▶ **Source material**:
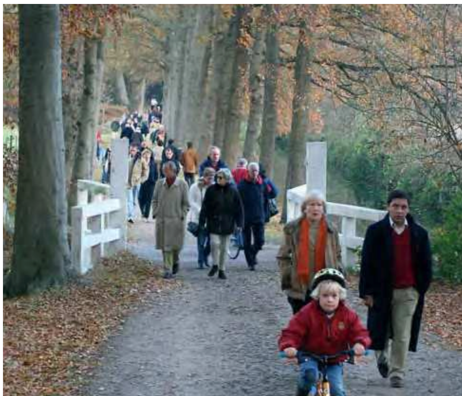
Stedelingen missen vooral rustige bos- en natuurgebieden in de nabijheid van hun stad.
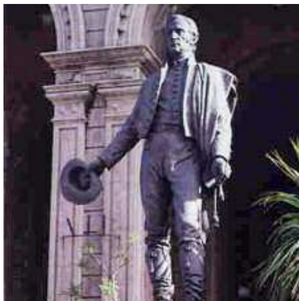
Monumento Artigas (1949)

José Luis Zorrilla de San Martín (1891-1975) Estación Central de AFE
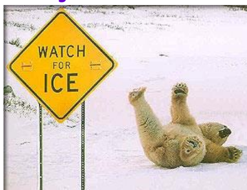
Pas på hvor du går
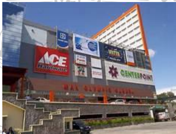
Gambar 3. 2 Dokumentasi MOG

Mall Olympic Garden (MOG) terletak di Jalan Kawi, Kauman, Kec. Klojen, Kota Malang.
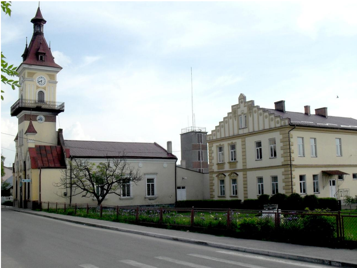
Сучасний вигляд пожежної вежі з годинником.

За часів Австро-Угорської імперії питання протипожежного захисту стало національною справою. В рамках таких організацій як “Просвіта”, “Сокіл”, “Луг”, “Січ” фах пожежника постійно проходив процес удосконалення.
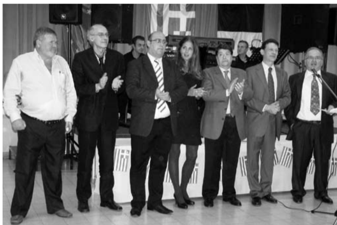
Μέλη του Δ.Σ. της Ελληνικής Κοινότητας Βρυξελλών

Εκεί ψάλλθηκε τρισάγιο στη μνήμη τους και ακολούθησε κατάθεση
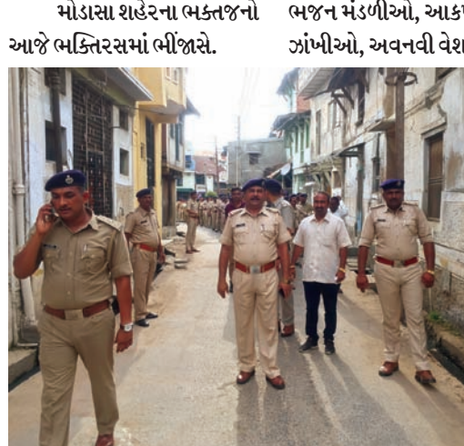
મોડાસામાં નીકળનાર ૩૫મી જગન્નાથની ભવ્ય શોભાયાત્રામાં અરવલ્લી જિલ્લા પોલીસે તંત્ર દ્વારા મોડાસા શહેરમાં નીકળનારી રથયાત્રાના રૂટ પર શનિવારે સાંજના સુમારે પોલીસે દ્વારા અધિકારી અને કર્મચારીઓ દ્વારા રૂટનું નિરીક્ષણ કરવામાં આવ્યું હતું.

મોડાસા, તા. ૨૪ મોડાસા-હિંમતનગર રોડ પર આવેલા દૂધેશ્વરી માતાજીના મંદિર નજીક શુક્રવારે સાંજના સુમારે મોડાસાના લઘુમતી કોમનો યુવાન એક્ટીવા લઈને કામકાજ અર્થે નીકળ્યો હતો. ત્યારે અજાણ્યા વાહને એક્ટીવાને અડફેટે લેતા એક્ટીવા ચાલક રોડ પર પટકાતા શરીરે ગંભીર ઈજાઓ થતા મોડાસાના દવાખાને પ્રાથમિક સારવાર આપી સઘન સારવાર અર્થે અમદાવાદ લઈ જતા યુવાનનું રસ્તામાં જ પ્રાણ પંખેરું ઉડી જતા સમગ્ર મુસ્લીમ વિસ્તારમાં મૃતક યુવાનના પગલે શોકની લાગણી ફેલાઈ હતી.

▶ **Exercise instructions**:
When you copy the data, keep every line exact and drop the pictures.

▶ **Answer to this problem**:
Stedelingen missen vooral rustige bos- en natuurgebieden in de nabijheid van hun stad.
Monumento Artigas (1949)

José Luis Zorrilla de San Martín (1891-1975) Estación Central de AFE
Pas på hvor du går
Gambar 3. 2 Dokumentasi MOG

Mall Olympic Garden (MOG) terletak di Jalan Kawi, Kauman, Kec. Klojen, Kota Malang.
Сучасний вигляд пожежної вежі з годинником.

За часів Австро-Угорської імперії питання протипожежного захисту стало національною справою. В рамках таких організацій як “Просвіта”, “Сокіл”, “Луг”, “Січ” фах пожежника постійно проходив процес удосконалення.
Μέλη του Δ.Σ. της Ελληνικής Κοινότητας Βρυξελλών

Εκεί ψάλλθηκε τρισάγιο στη μνήμη τους και ακολούθησε κατάθεση
મોડાસામાં નીકળનાર ૩૫મી જગન્નાથની ભવ્ય શોભાયાત્રામાં અરવલ્લી જિલ્લા પોલીસે તંત્ર દ્વારા મોડાસા શહેરમાં નીકળનારી રથયાત્રાના રૂટ પર શનિવારે સાંજના સુમારે પોલીસે દ્વારા અધિકારી અને કર્મચારીઓ દ્વારા રૂટનું નિરીક્ષણ કરવામાં આવ્યું હતું.

મોડાસા, તા. ૨૪ મોડાસા-હિંમતનગર રોડ પર આવેલા દૂધેશ્વરી માતાજીના મંદિર નજીક શુક્રવારે સાંજના સુમારે મોડાસાના લઘુમતી કોમનો યુવાન એક્ટીવા લઈને કામકાજ અર્થે નીકળ્યો હતો. ત્યારે અજાણ્યા વાહને એક્ટીવાને અડફેટે લેતા એક્ટીવા ચાલક રોડ પર પટકાતા શરીરે ગંભીર ઈજાઓ થતા મોડાસાના દવાખાને પ્રાથમિક સારવાર આપી સઘન સારવાર અર્થે અમદાવાદ લઈ જતા યુવાનનું રસ્તામાં જ પ્રાણ પંખેરું ઉડી જતા સમગ્ર મુસ્લીમ વિસ્તારમાં મૃતક યુવાનના પગલે શોકની લાગણી ફેલાઈ હતી.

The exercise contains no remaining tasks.